Flamingo Era mengajarkan bahwa kebutuhan pribadi juga penting dan tidak perlu selalu dikorbankan.
Fokus pada Hubungan yang Berkualitas
Alih-alih mengejar kesempurnaan, para ibu dalam Flamingo Era lebih fokus membangun hubungan yang sehat dengan anak dan keluarga.
Mereka menyadari bahwa anak tidak membutuhkan orang tua yang sempurna. Anak lebih membutuhkan orang tua yang hadir, mendengarkan, dan mampu memberikan dukungan emosional.
Tanda-Tanda Anda Sedang Memasuki Flamingo Era
Banyak ibu sebenarnya sudah menjalani pola hidup ini tanpa menyadarinya.
Beberapa tandanya antara lain:
- Tidak lagi membandingkan diri dengan ibu lain di media sosial.
- Berani mengatakan "tidak" pada aktivitas yang membuat stres.
- Tidak memaksakan rumah selalu terlihat sempurna.
- Mengutamakan kesehatan mental.
- Menjadwalkan waktu istirahat tanpa rasa bersalah.
- Menyadari bahwa diri sendiri juga perlu diperhatikan dan dirawat.
Jika beberapa poin tersebut terasa familiar, bisa jadi Anda sedang memasuki fase Flamingo Era.
Bukan Malas, Melainkan Bentuk Self-Care
Salah satu kesalahpahaman terbesar mengenai Flamingo Era adalah anggapan bahwa para ibu menjadi kurang peduli terhadap keluarga.

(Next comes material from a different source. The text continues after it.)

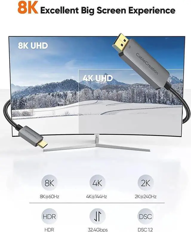 USBC to DisplayPort 1.4 - Max 32.4G bps bandwidth and 8K@60Hz high definition performance, downwards compatible 5K@60Hz, 4K@144Hz, 4K@120Hz, 4K@60Hz, 2K@240Hz. Enjoy more clear and more realistic image at larger screen. High refresh rate brings you smoother gaming experience, without flickering and no tear, no blur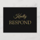 Cartão Postal RSVP de Casamento Dourado e Negro Romântico

Padahal kenyataannya justru sebaliknya.
Flamingo Era bukan tentang menghindari tanggung jawab. Konsep ini lebih menekankan pentingnya menetapkan batas yang sehat agar seseorang tidak mengalami kelelahan fisik maupun mental.
Para ibu tetap bekerja, mengurus keluarga, dan menjalankan berbagai peran sehari-hari. Namun mereka tidak lagi memaksakan diri untuk memenuhi standar yang tidak realistis.
Dengan kondisi mental yang lebih sehat, mereka justru memiliki energi lebih besar untuk mendampingi anak dan membangun hubungan keluarga yang positif.
Generasi Baru Parenting yang Lebih Manusiawi
Munculnya Flamingo Era menunjukkan adanya perubahan besar dalam cara generasi muda memandang peran orang tua.
Jika sebelumnya kesuksesan sering diukur dari kesempurnaan, kini semakin banyak orang menyadari bahwa keseimbangan hidup dan kesehatan mental memiliki nilai yang jauh lebih penting.
Tren ini menjadi pengingat bahwa menjadi ibu bukanlah sebuah kompetisi. Tidak ada penghargaan untuk rumah yang paling rapi atau ibu yang paling lelah.
Yang terpenting adalah bagaimana seseorang mampu menjaga dirinya tetap sehat secara fisik dan emosional agar dapat mendampingi keluarga dengan lebih baik.
Di tengah dunia yang terus menuntut kesempurnaan, keberanian untuk hidup lebih santai, realistis, dan manusiawi mungkin justru menjadi bentuk keberhasilan yang sesungguhnya.